Jerome Golden v. Coleman

429 F. App'x 73
CourtCourt of Appeals for the Third Circuit
DecidedApril 19, 2011
Docket10-4171
StatusUnpublished
Cited by9 cases

This text of 429 F. App'x 73 (Jerome Golden v. Coleman) is published on Counsel Stack Legal Research, covering Court of Appeals for the Third Circuit primary law. Counsel Stack provides free access to over 12 million legal documents including statutes, case law, regulations, and constitutions.

Bluebook
Jerome Golden v. Coleman, 429 F. App'x 73 (3d Cir. 2011).

Opinion

*74 OPINION

PER CURIAM.

Jerome Golden, a prisoner incarcerated at the State Correctional Institution in Somerset, Pennsylvania, appeals the District Court’s dismissal of his complaint. For the following reasons, we will dismiss Golden’s appeal pursuant to 28 U.S.C. § 1915(e)(2)(B).

Golden’s complaint, brought pursuant to 42 U.S.C. § 1988, alleges that various prison employees at the State Correctional Institution in Fayette, Pennsylvania, where he was formerly incarcerated, violated his constitutional rights by planting “Government Micro Eye Cameras” in his food and broadcasting images obtained from those cameras on prison television.

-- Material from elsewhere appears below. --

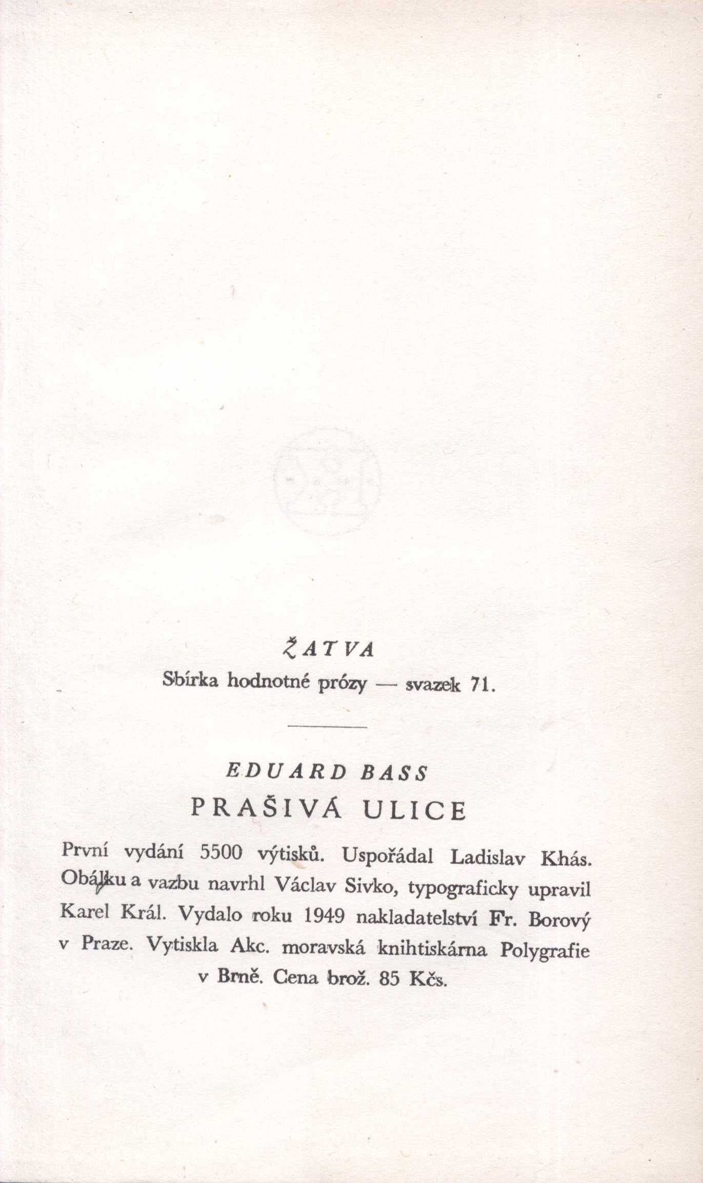 Názvové údaje Roh bílé zdi / Arkadij Adamov ; z ruského originálu Ugol beloj steny přeložil Jaroslav Novák ; vazba Václav Sivko ; frontispice a obálka Jaroslav Fišer Osobní jméno Adamov, Arkadij Grigor‘jevič, 1920-1991 (Autor) Další autoři Novák, Jaroslav (Překladatel) Sivko, Václav, 1923-1974 (Autor obálky) Fišer, Jaroslav, 1919-2003 (Ilustrátor) Korp. Mladá fronta (nakladatelství) (Nakladatel, vydavatel) Mír, novinářské závody (tiskárna) (Tiskař) Nakladatel Praha : Mladá fronta, 1976 Výrobce Mír 3 Rozsah 273 stran Klíčová slova ruská próza * román Počet ex. 1, z toho volných 1 Druh dok. monografie Signatura P I 330 Názvové údaje Tri zlomené pečate, alebo, Traktát o prevelikých tajomstvách ukrytých v sne, hviezde a čísle : horoskopy, snár, kabala / Albert Aklič ; koláže Václav Sivko ; úprava M. Kopřiva Osobní jméno Aklič, Albert (Autor) Další autoři Sivko, Václav, 1923-1974 (Ilustrátor) Kopřiva, Milan, (Grafický technik) 1929-1997 Korp. Vydavateľstvo Tatran (Nakladatel, vydavatel) Nakladatel Bratislava : Tatran, 1970 Rozsah 248 stran : ilustrace Klíčová slova astrologie * sny * výklad snů * kabala * pojednání Počet ex. 1, z toho volných 1 Druh dok. monografie Signatura ZF 2 B 33 Názvové údaje Dvojí smrt Johna Lafcadia / Margery Allingham ; z anglického originálu Death of a Ghost přeložila Eva Outratová ; vstupní kresbu navrhl Jaroslav Fišer ; vazba Václav Sivko Osobní jméno Allingham, Margery, 1904-1966 (Autor) Další autoři Outratová, Eva, 1912-1989 (Překladatel) Fišer, Jaroslav, 1919-2003 (Ilustrátor) Sivko, Václav, 1923-1974 (Autor obálky) Korp. Mladá fronta (nakladatelství) (Nakladatel, vydavatel) Nakladatel Praha : Mladá fronta, 1967 Rozsah 207 stran Klíčová slova anglická próza * detektivní romány Počet ex. 1, z toho volných 1 Druh dok. monografie Signatura P 60 f 14 Názvové údaje Kůň a jeho stín / Enrique Amorim ; Ze špan. přel. Zdeněk Šmíd ; Obálku a vazbu navrhl Václav Sivko Osobní jméno Amorim, Enrique, 1900-1960 (Autor) Další autoři Šmíd, Zdeněk, 1908-1989 (Překladatel) Sivko, Václav, 1923-1974 (Grafický technik) Nakladatel Praha : Československý spisovatel, 1950 Rozsah 228 s. Klíčová slova jihomerická literatura * próza * román Počet ex. 1, z toho volných 1 Druh dok. monografie Signatura AČS 00887 Názvové údaje Lidé kolchozních polí / Paša Angelinová ; [z ruš. přel. Olga Bojarová ; obálku navrhl Václav Sivko] Osobní jméno Angelina, Praskov‘ja Nikitična, 1912-1959 (Autor) Další autoři Bojarová, Olga, 1925- (Překladatel) Sivko, Václav, 1923-1974 (Autor obálky) Korp. Melantrich (nakladatelství) (Nakladatel, vydavatel) Nakladatel Praha : Melantrich, 1950 Výrobce (Moravskoslezské. tiskárny, záv. Přerov) Rozsah 125 s. Klíčová slova ruská sovětská literatura * vzpomínkové vyprávění * kolchozy * brigády práce Počet ex. 2, z toho volných 2 Druh dok. monografie Signatura MEL 0524, MEL 1249 Názvové údaje Třicátý rok / Ingeborg Bachmannová ; z německého originálu Das dreissigste Jahr ... přeložil a doslov napsal Josef Čermák Osobní jméno Bachmann, Ingeborg, 1926-1973 (Autor) Další autoři Čermák, Josef, 1928-2020 (Překladatel) (Autor doslovu, tiráže atd.) Sivko, Václav, 1923-1974 (Autor obálky) (Výtvarník vazby) Wild, Jan (Knižní grafik) Korp. Mladá fronta (nakladatelství) (Nakladatel, vydavatel) Mír, novinářské závody (tiskárna) (Tiskař) Nakladatel Praha : Mladá fronta, 1965 Výrobce Praha : Mír, n. p. Rozsah 195 stran ; 18 cm Osobní hesla Bachmann, Ingeborg, 1926-1973 - rakouská básnířka, esejistka, prozaička Klíčová slova rakouská literatura * próza * rakouská próza * povídky * Bachmann I. * český překlad * Čermák J. * r. 1965 Počet ex. 3, z toho volných 3 Druh dok. monografie Signatura EJulis 0147, Eisner 1173, R&AHamanovi 1372 Názvové údaje Prašivá ulice / Eduard Bass ; [uspořádal Ladislav Khás ; obálku a vazbu navrhl Václav Sivko] Osobní jméno Bass, Eduard, 1888-1946 (Autor) Další autoři Khás, Ladislav, 1905-1976 (Sestavovatel, kompilátor) Sivko, Václav, 1923-1974 (Autor obálky) (Výtvarník vazby) Korp. Fr. Borový (firma) (Nakladatel, vydavatel) Akciová moravská knihtiskárna Polygrafie (Tiskař) Nakladatel Praha : Fr. Borový, 1949 Výrobce Akc. moravská knihtiskárna Polygrafie) Rozsah 302 s. ; 8° Osobní hesla Bass, Eduard, 1888-1946 - prozaik, novinář, překladatel Klíčová slova česká literatura * česká próza * povídky Počet ex. 1, z toho volných 1 Druh dok. monografie Signatura AFB 2118 Názvové údaje Prašivá ulice / Eduard Bass ; [uspořádal Ladislav Khás ; obálku a vazbu navrhl Václav Sivko] Osobní jméno Bass, Eduard, 1888-1946 (Autor) Další autoři Khás, Ladislav, 1905-1976 (Sestavovatel, kompilátor) Sivko, Václav, 1923-1974 (Autor obálky) (Výtvarník vazby) Korp. Fr. Borový (firma) (Nakladatel, vydavatel) Akciová moravská knihtiskárna Polygrafie (Tiskař) Nakladatel Praha : Fr. Borový, 1949 Výrobce Akc. moravská knihtiskárna Polygrafie) Rozsah 302 s. ; 8° Osobní hesla Bass, Eduard, 1888-1946 - prozaik, novinář, překladatel Klíčová slova česká literatura * česká próza * povídky Počet ex. 1, z toho volných 1 Druh dok. monografie Signatura AFB 2117 Názvové údaje Jak zvířátka od lesa šla na pana Korbesa / napsal Kamil Bednář ; nakreslil Václav Sivko Osobní jméno Bednář, Kamil, 1912-1972 (Autor) Další autoři Sivko, Václav, 1923-1974 (Ilustrátor) Korp. Fr. Borový (firma) (Nakladatel, vydavatel) Česká grafická Unie (tiskárna a nakladatelství) (Tiskař) Nakladatel Praha : Fr. Borový, [1948] Výrobce Česká grafická Unie) Rozsah [38] s. : il. ; příč. 8° Klíčová slova česká literatura * česká poezie * básničky * knihy pro děti Počet ex. 1, z toho volných 1 Druh dok. monografie Signatura AFB 1954 Názvové

Golden believes that, once ingested, the cameras “attach[ ] to the visual cortex and then can be seen by someone on a computer,” thus providing the defendants with a means of keeping tabs on him. The District Court dismissed Golden’s complaint, pursuant to 28 U.S.C. § 1915A, finding that Golden’s “fantastic” and “delusional” allegations lacked a basis in fact.

We have jurisdiction over this appeal pursuant to 28 U.S.C. § 1291. Because Golden has been granted in forma pauper-is status, we review this appeal for possible dismissal pursuant to 28 U.S.C. § 1915(e)(2)(B). Contrary to Federal Rule of Civil Procedure 12(b)(6), § 1915(e)(2)(B) — formerly § 1915(d) — provides a court with “the unusual power to pierce the veil of the complaint’s factual allegations and dismiss those claims whose factual contentions are clearly baseless.” Neitzke v. Williams, 490 U.S. 319, 327, 109 S.Ct. 1827, 104 L.Ed.2d 338 (1989). “[A] finding of factual frivolousness is appropriate when the facts alleged rise to the level of the irrational or the wholly incredible, whether or not there are judicially noticeable facts available to contradict them.” Denton v. Hernandez, 504 U.S. 25, 33, 112 S.Ct. 1728, 118 L.Ed.2d 340 (1992).

Having reviewed Golden’s complaint, we conclude that his allegations are fantastic, delusional, and simply unbelievable. Id. at 32-33, 112 S.Ct. 1728 (a complaint may be dismissed as lacking a basis in fact if it is premised upon “allegations that are fanciful, ‘fantastic,’ and ‘delusional[.]’”) (citations omitted). Accordingly, we will dismiss Golden’s appeal. Golden’s motion for appointment of counsel is denied. See Tabron v. Grace, 6 F.3d 147, 155-56 (3d Cir.1993).